= Little Brothers of St. Francis =

Sect of a Roman Catholic institute

The Little Brothers of St. Francis (originally founded as the Franciscan Brothers of Peace and Love) were members of a Roman Catholic institute of Religious Brothers founded in the Archdiocese of Boston on September 8, 1970, by Brother James T. Curran, L.B.S.F. (1932 - 2015).

Canonically designated as a Private Association of the Faithful, the community was spiritually affiliated to the Province of the Immaculate Conception of the Order of Friars Minor. Striving to be poor in spirit, they worked to serve the needs of the homeless primarily through prayer and presence. They followed a contemplative life based on the Rule of the Third Order Regular of St. Francis, also influenced by the Rule for Hermitages written by St. Francis of Assisi. The community disbanded in 2013.

==History==
James T. Curran was born in Boston, Massachusetts on June 13, 1932, the son of James P. and Anna V. Diffley Curran. He grew up in the North End and was an active member of St. Leonard's parish. He attended Boston University and for a number of years performed with the National Opera Company. He felt called to follow a life of prayer and service among the poor. In this goal, he was guided by the Franciscan friars of Immaculate Conception Province who provided him fraternal support and spiritual direction. On September 9, 1951, he professed vows as a Franciscan tertiary (Secular Franciscan).

In 1970 Curran founded the "Franciscan Brothers of Peace and Love", and in 1976 changed its name to the "Little Brothers of St. Francis" to minister to Boston's homeless. The first home of the community was his apartment on Beacon Hill in downtown Boston. He eventually gained the blessing of the Archbishop of Boston, Cardinal Humberto Medeiros, who was himself a member of the Third Order of St. Francis (Secular Franciscan Order). The cardinal allowed him to take religious vows and to wear a Franciscan habit, even though he was alone at that point. He soon adopted a habit made of denim, which quickly became the distinguishing mark of the community, earning them the nickname of the "Blue jeans Franciscans."

Curran's way of life was to keep working at his job while spending several hours in prayer before the Blessed Sacrament. He then would go out among the homeless who would congregate in downtown Boston, especially around the Boston Common, and distribute peanut butter and jelly sandwiches, coffee, underwear, T-shirts, and white cotton socks. As other men came to join him, the community eventually relocated to a house in the Mission Hill section of Boston, among the city's poorest. The community never grew large, however, numbering seven Brothers at its peak around 2008.

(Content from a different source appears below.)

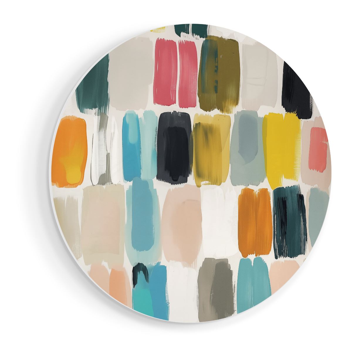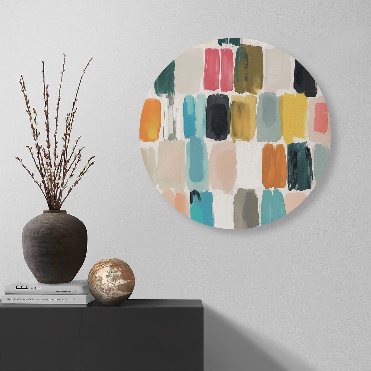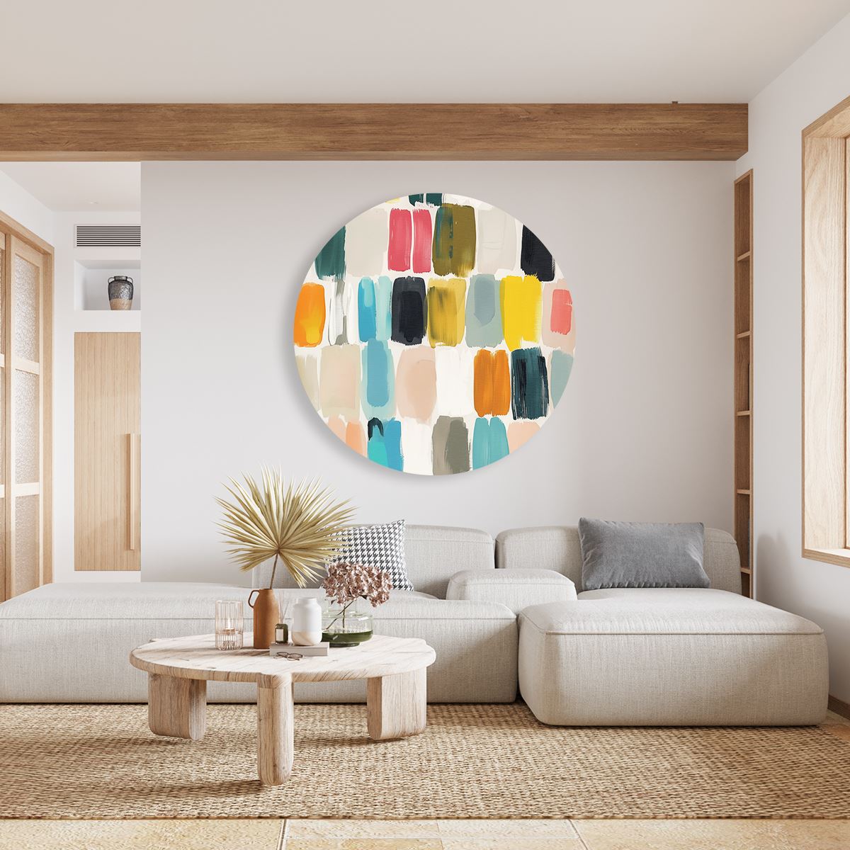 Wandcirkel Kleurrijke Penseelstreken op een Witte Achtergrond

In 2006, Curran received the Institute on Religious Life's Pro Fidelitate et Virtute Award for his fidelity to his vocation as a religious brother and for supporting the IRL as a board member, coordinator of the Boston Regional Meeting, and as chairman of the Forum of Superiors of Men's Communities.

On November 23, 2008, the Archdiocese of Boston awarded Curran the Cheverus Award Medal in order to recognize his service to the Church and to God's people.

On August 29, 2009, four members of the Little Brothers of St. Francis were invited by Cardinal Seán Patrick O'Malley, Archbishop of Boston, to serve as acolytes at the Funeral Mass of Massachusetts Senator Ted Kennedy. The Mass was held at the Basilica and Shrine of Our Lady of Perpetual Help, the parish to which the Little Brothers of St. Francis' belonged and where they attended daily Mass.

In 2012, due to declining health, Brother James became a resident of the Don Orione Nursing Home in East Boston. In the community's last newsletter of November 2012, it was announced that the community was disbanding. Another religious congregation, the Brotherhood of Hope, has acquired the property at 785-789 Parker Street, Mission Hill, MA.

Brother James died on June 28, 2015, at St. Joseph Manor Health Care in Brockton, Massachusetts at the age of eighty-three. The Mass of Christian Burial was held at Mission Church (Basilica and Shrine of Our Lady of Perpetual Help) in Roxbury, MA on July 1, 2015. Interment was held at Mount Benedict Cemetery in West Roxbury, MA.

Over the years, in addition to befriending large numbers of Boston's homeless men and women, the Little Brothers also befriended and were befriended by many well-known Catholic priests, religious, and humanitarians, including: Dom Basil Pennington, O.C.S.O., Ade Bethune, Mother Antonia Brenner, Mother Teresa, Jean Vanier, Little Sister Magdeleine of Jesus, Fr. Benedict Groeschel, Fr. John Hardon, and several others.